Perhaps you are now asking “How might a driver disable APC’s more times than it enables them?” Good question Grasshopper. As described in the WDK, a driver can disable APCs by entering a critical region, a guarded region, or by raising the IRQL to APC_LEVEL or higher. However, not all of those methods will result in a stop 20 bugcheck. Only calls that change the APC disable count in the KTHREAD structure can result in a stop 20. The APIs KeEnterCriticalRegion, KeWaitForSingleObject, KeWaitForMultipleObjects, KeWaitForMutexObject, or FsRtlEnterFileSystem will decrement the APC disable count.
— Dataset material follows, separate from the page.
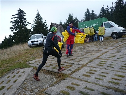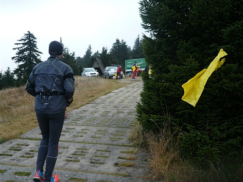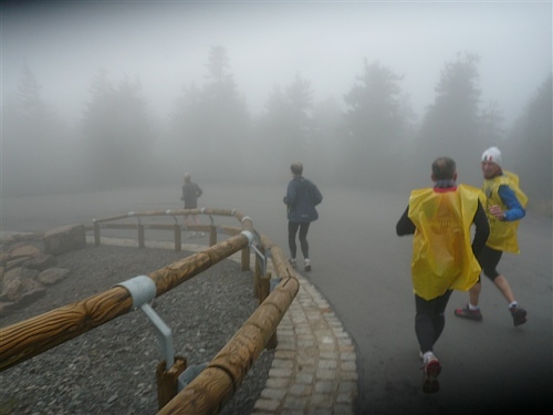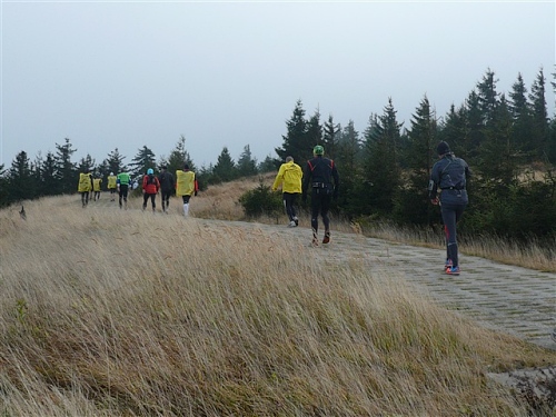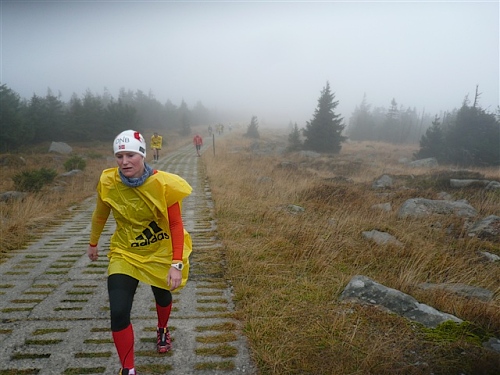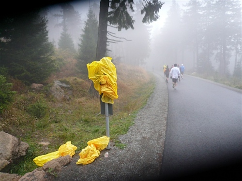 Jetzt zeigt sich, wie gut und ernst zu nehmen die Hinweise auf das launische Brockenwetter sind: Es hat sich in kurzer Zeit total zugezogen und der Wind frischt stark auf. Ich freue mich, daß die Chronistenpflicht auch viele Vorteile mit sich bringt. Denn so dreht man sich ab und an auch mal um und sieht so Dinge, die dem nur auf den Boden schauenden Läufer entgeht, so z.B. der phantastische Blick auf die Eckertalsperre, über deren Staumauer einst die innerdeutsche Grenze verlief. Aber dafür habt Ihr ja uns laufende Reporter. Ich entschließe mich, die Jacke anzuziehen, denn auf der freien Plaine zieht es mittlerweile erbärmlich, der Wind fährt in alle Glieder. Keine blöden Bemerkungen jetzt bitte. Kaum habe ich auch die Mütze zusätzlich zur Kappe aufgezogen, kommt der Ausgabepunkt für Ganzkörperkondome, in die freundliche Helfer hineinhelfen. Fortan strebt eine Heerschar gelber Männlein und Weiblein gen Brocken. Und ein oranges Männlein.

A driver should then call KeLeaveCriticalRegion, KeReleaseMutex, or FsRtlExitFileSystem to re-enable APCs; these calls increment the APC disable count in the KTHREAD structure.

 

As you review the APIs mentioned above you will see that there are several ways for a driver writer to get into a situation where APCs are disabled and not re-enabled. Many of the ways we get into this situation are difficult to debug and require instrumentation that is beyond the scope of this blog. In this blog we are going to focus on the most common cause a stop 20 blue screen, an orphaned ERESOURCE. A brief review of the WDK documentation for ExAcquireResourceExclusiveLite and ExAcquireResourceSharedLite will reveal that before you can acquire an ERESOURCE you must first disable normal kernel APC delivery by calling KeEnterCriticalRegion. This means that if you orphan an ERESOURCE you will leave the APC disable count decremented, and when the thread is terminated the system will bugcheck.

 

Now you certainly want to ask “Kind Ninja, will you show me how to debug such a problem?” Absolutely Grasshopper!

 

We start by opening the dump and checking the cause of the crash.

 

1: kd> .bugcheck

Bugcheck code 00000020

Arguments 00000000 0000fffc 00000000 00000001

 

Next we check what thread was being terminated; we can see this in the call stack as the first parameter to PspTerminateThreadByPointer.

 

1: kd> kb

ChildEBP RetAddr Args to Child

b5e57c80 8094c546 00000020 00000000 0000fffc nt!KeBugCheckEx+0x1b

b5e57d18 8094c63f 00000000 00000000 8bf99330 nt!PspExitThread+0x64c

b5e57d30 8094c991 8bf99330 00000000 00000001 nt!PspTerminateThreadByPointer+0x4b

b5e57d54 8088978c 00000000 00000000 05c2ffb8 nt!NtTerminateThread+0x71

b5e57d54 7c8285ec 00000000 00000000 05c2ffb8 nt!KiFastCallEntry+0xfc

Finally we can look at the list of ERESOURCE structures with !locks to see if our thread owns any of these locks.

 

1: kd> !locks

**** DUMP OF ALL RESOURCE OBJECTS ****

KD: Scanning for held locks....

Resource @ Ninja!NinjaLock (0x808a48c0) Shared 2 owning threads

    Contention Count = 35

     Threads: 8bf99330-02<*> 8c1d19f0-01<*>

!locks shows us that the thread in question is a shared owner of the Ninja driver’s NinjaLock. The author of the Ninja driver needs to look at how their driver uses this ERESOURCE and determine why the lock was orphaned, unfortunately that means I need to do more work. To find the bug that caused this problem I reviewed the code that uses NinjaLock. That code was acquiring the NinjaLock inside of a try-except block. I forgot to release the lock in the exception handler, resulting in the orphaned lock that we see here. I guess that’s why I’m the Debug Ninja, and not the Code Writing Ninja.